Posted on 10/30/2023 6:05:28 AM PDT by texas booster

When Danny Meyer was gearing up to open his barbecue restaurant, Blue Smoke, there was one recipe he knew he had to have on the menu: his grandmother’s secret potato salad recipe.

“I told the chef, ‘My very favorite potato salad in the world was the one my grandmother made,’” Meyer recalls.

That’s a big statement coming from Meyer, a successful restaurateur who has earned Michelin Stars and founded the fast-casual chain Shake Shack. At the time, his grandmother had already passed away, but Meyer remembered that she kept recipes on three by five index cards. After a search, he found the right card and handed it to the restaurant’s chef, who invited Meyer to try it in the Blue Smoke kitchen.
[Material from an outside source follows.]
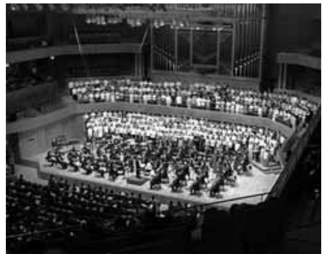
4000人が参加した憲法フェスティバル。名フィルと市民合唱団による演奏は圧巻(5月3日、県芸術劇場にて)

「核兵器も戦争もない平和で公正な世界をめざしてと歩こう」と、被爆地の広島・長崎をめざす2008年原水爆禁止国民平和行進は5月6日に東京・夢の島を出発しました。今年で50周年を迎える平和行進は、今月31日に

When Meyer arrived, the sous chefs had a big bowl of potato salad that brought back memories of his grandmother. He tried it, smiled, and told the chefs, “That’s exactly right.” They grinned back at him mischievously. Eventually, Meyer broke and asked, “What’s so funny?” A chef pulled out a jar of Hellman’s mayonnaise and placed it on the table. Meyer looked at it, then realized that the secret recipe his grandmother had hoarded for years was on the jar. It was the official Hellman’s recipe for potato salad.

This actually seems to be a common phenomenon. The television show Friends even features a similar discovery, when one character, Phoebe, realizes that her grandmother’s “famous” chocolate chip cookie recipe came from a bag of Nestle Toll House chocolate chips.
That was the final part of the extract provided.